I’ll be turning the hand wheel in when the resistance suddenly increases.  If I back it out and go in again this usually temporarily fixes the issue.  I was wondering if anyone else has experienced an issue with this?

I suspect that it may be something to do with the washer / bushing shown in the diagram below as part no 673 (taken from a Grizzly manual however the exploded diagrams are closer to the machine I have than Warco’s own!).  I think that this part may be binding so part of me is tempted to take part 607V2 and open it out to accept a thrust bearing but firstly, that part may prove difficult to grip in the lathe and secondly, if I remove this from my lathe then I cannot use it to perform the modification!  I would also need to investigate whether there is sufficient material to accept the bearing.

Does anyone have any suggestions?

Thanks,
Sam


----------



## craptain (May 31, 2018)

Are you sure that it's the handwheel itself. I have previously encountered a similar sounding problem from badly adjusted gibs, but the feedback can be felt through the handwheel.
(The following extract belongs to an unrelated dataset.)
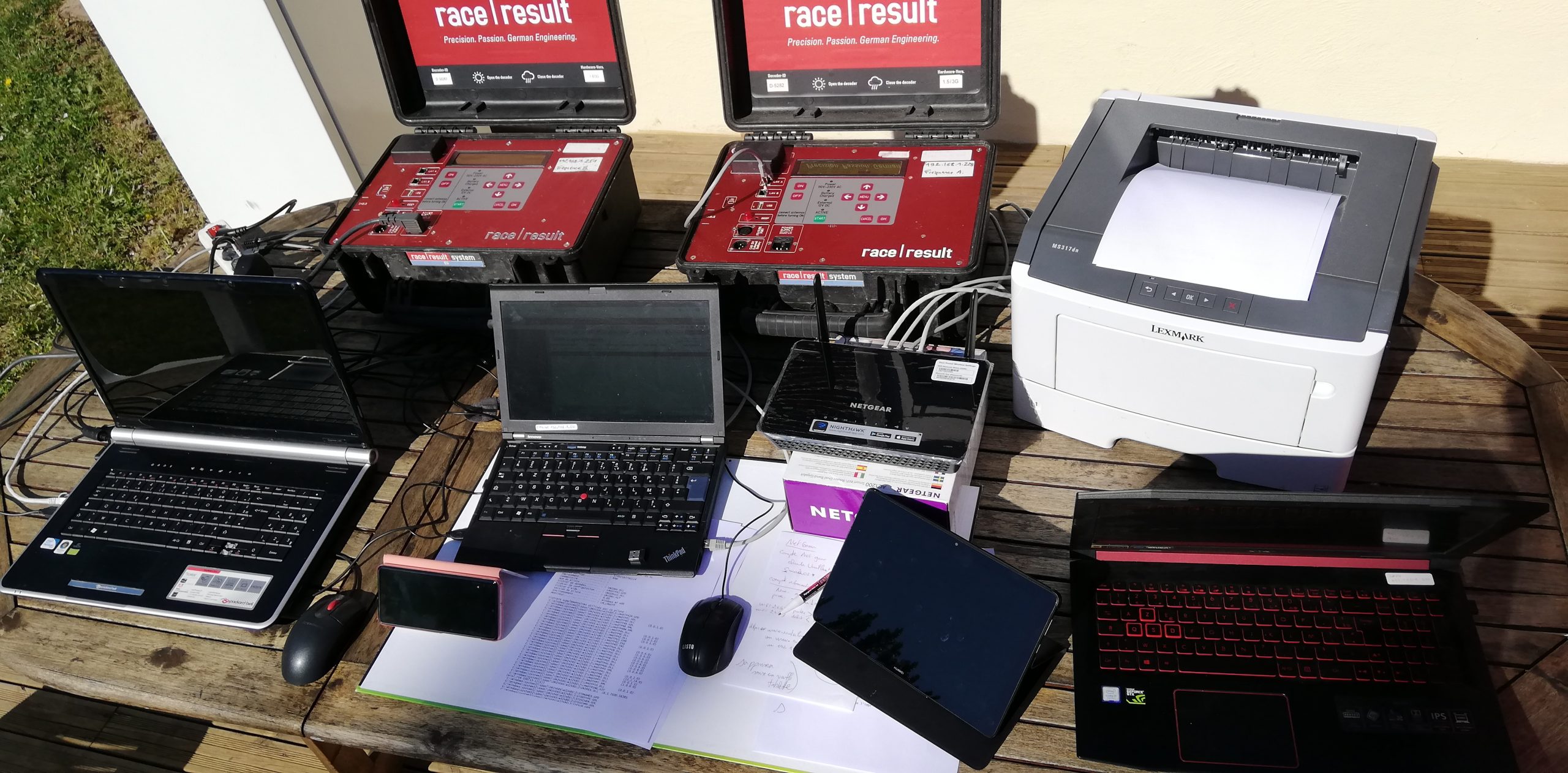 Le logiciel de chronométrage est accessible depuis n'importe quel ordinateur. De plus, le réseau est pourvu d'une connexion WIFI qui va permettre une saisie déportée des éventuelles inscriptions et modification sur place (être dans la zone des 100 m). Mais, par sécurité les liaisons ordinateurs -/- transpondeurs resteront filaires.

I know that you just had it all down, but maybe check the gibs anyway and use plenty of oil. 

Sent from my SM-G930T using Tapatalk


----------



## SamI (May 31, 2018)

I have tried adjusting the gibs but I don't notice much difference.  The thing that puzzles me is that the feedback felt at the hand wheel isn't consistent whereas I imagine that if it were gib adjustment it would always feel tight in a particular spot?  With regards to oil I oil the gibs using the ball oilers after every use.  Maybe I should extend this to before and after every use.

I think that there may be an issue with the gib strip anyway as it was almost impossible to re-install after I had it all apart so I guess it figures that the two issues could be related.  No matter what I tried it would jam in before I could get the adjustment screws in place and lock the cross slide completely.  I hate to admit it but in the end I resorted to a hammer to get it in.  Once it was fully inserted the cross slide freed up and the adjustments worked no problem at all.  Is there a technique to doing this or is it possible the gib strip itself has warped or is improperly shaped?


----------



## BenW (May 31, 2018)

Tapping it in with a hammer should be fine as long as you can adjust it to a proper tightness once it's in place. Also, use something soft between the gib and hamer or you might crown the end and make it impossible to get back in. As for the binding I'm not sure, maybe check if the leadscrew is bent?

Sent from my SM-G930F using Tapatalk


----------



## SamI (May 31, 2018)

Thank you both for your suggestions.  Luckily the gib screw extends sufficiently that I don't think that would cause a problem although it's probably considered good practice to do that anyway.  I'll have it off again at some point and check the leadscrew and the gib again.  Knowing what I do now I'm hoping it will be a fairly quick on / off job so if I'm feeling brave when I get home today I'll have a go!


----------



## ddickey (May 31, 2018)

Did you try loosening the cross slide hand wheel nut a tad?


----------



## SamI (Jun 4, 2018)

ddickey said:


> Did you try loosening the cross slide hand wheel nut a tad?



Yes, I did adjust this with some success as outlined below. 

I stripped the cross slide, cleaned, deburred, cleaned again and reassembled.  One thing I did notice was some scoring on the gib strip (see IMG_1359 attached).  Not sure how that happened unless a chip had gotten in there somehow.  Certainly I can't feel and sharp edges or nicks in the dovetail.  I lightly filed the edges anyway just in case a small burr was causing some friction. 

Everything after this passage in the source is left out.